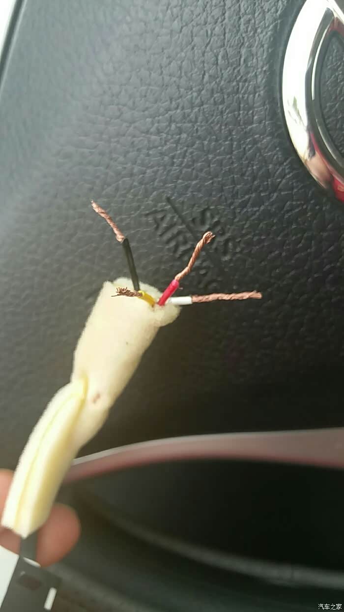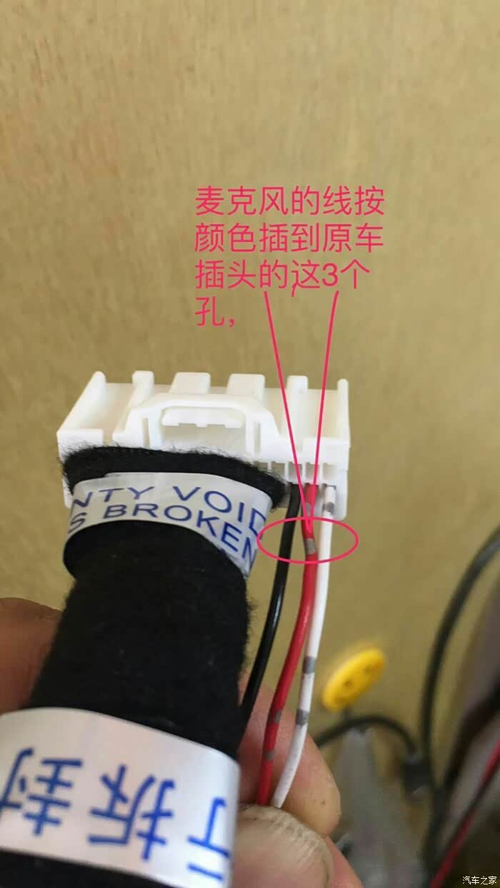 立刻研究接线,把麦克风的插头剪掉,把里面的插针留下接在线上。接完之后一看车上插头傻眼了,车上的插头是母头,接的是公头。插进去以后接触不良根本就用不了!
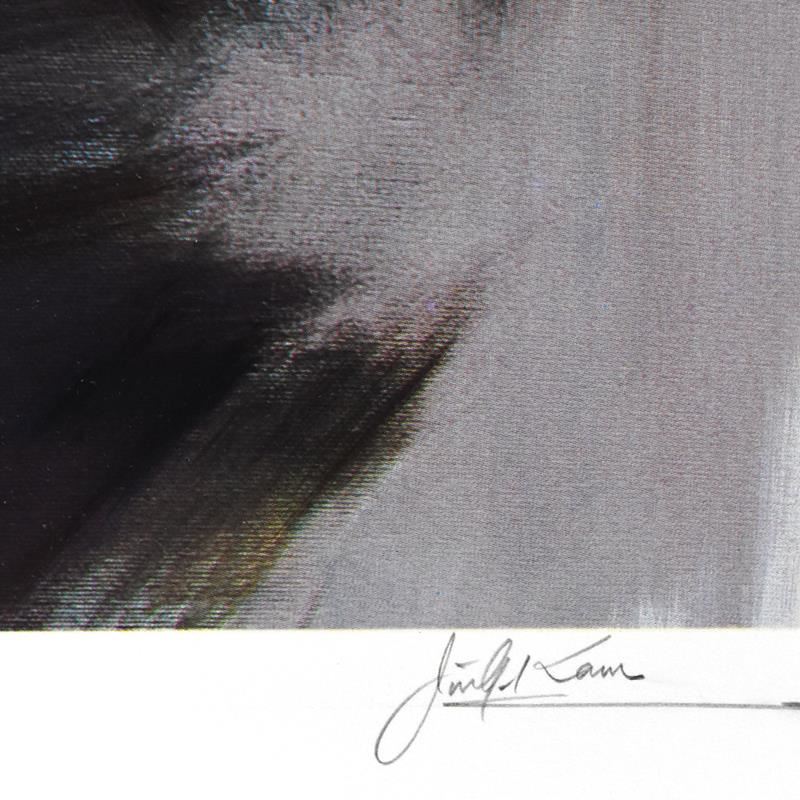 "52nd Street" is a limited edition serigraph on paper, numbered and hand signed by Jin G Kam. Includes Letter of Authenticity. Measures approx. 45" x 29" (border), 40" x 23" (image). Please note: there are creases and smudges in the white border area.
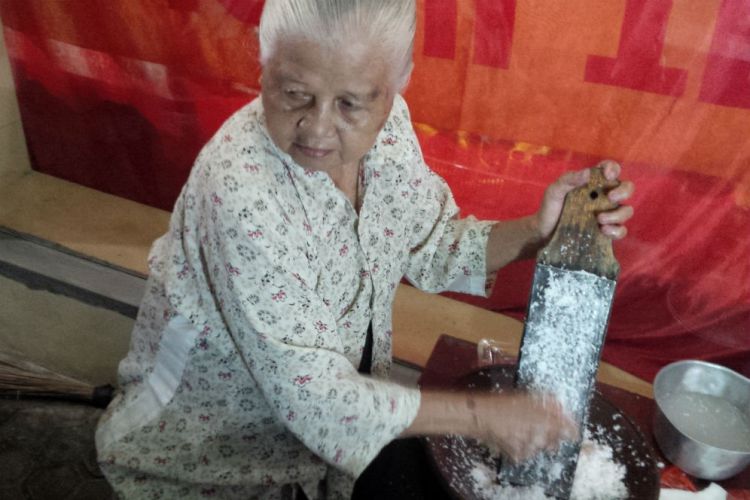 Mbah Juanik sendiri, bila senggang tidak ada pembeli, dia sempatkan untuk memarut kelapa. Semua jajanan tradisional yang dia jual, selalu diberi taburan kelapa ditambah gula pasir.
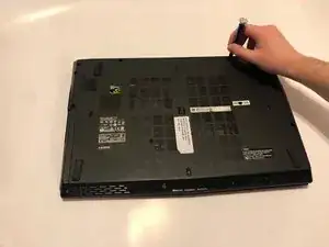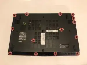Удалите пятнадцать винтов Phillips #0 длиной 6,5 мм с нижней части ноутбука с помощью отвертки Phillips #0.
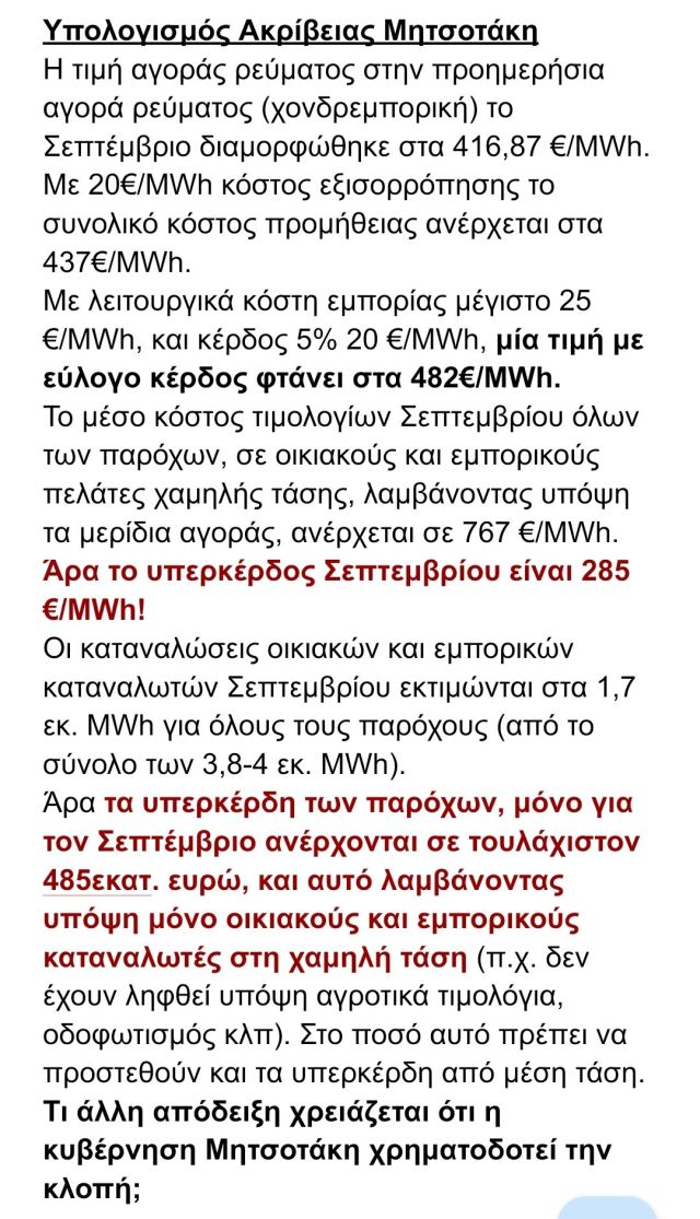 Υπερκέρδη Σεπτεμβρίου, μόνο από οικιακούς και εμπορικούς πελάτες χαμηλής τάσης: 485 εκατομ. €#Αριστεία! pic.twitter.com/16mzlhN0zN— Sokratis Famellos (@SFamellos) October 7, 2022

===

■ **TASK OBJECTIVE**
Print, with pictures removed, exactly the lines of the records above from the top through the line containing "Удалите пятнадцать винтов".

■ **YOUR SOLUTION**
 立刻研究接线,把麦克风的插头剪掉,把里面的插针留下接在线上。接完之后一看车上插头傻眼了,车上的插头是母头,接的是公头。插进去以后接触不良根本就用不了!
 "52nd Street" is a limited edition serigraph on paper, numbered and hand signed by Jin G Kam. Includes Letter of Authenticity. Measures approx. 45" x 29" (border), 40" x 23" (image). Please note: there are creases and smudges in the white border area.
 Mbah Juanik sendiri, bila senggang tidak ada pembeli, dia sempatkan untuk memarut kelapa. Semua jajanan tradisional yang dia jual, selalu diberi taburan kelapa ditambah gula pasir.
Удалите пятнадцать винтов Phillips #0 длиной 6,5 мм с нижней части ноутбука с помощью отвертки Phillips #0.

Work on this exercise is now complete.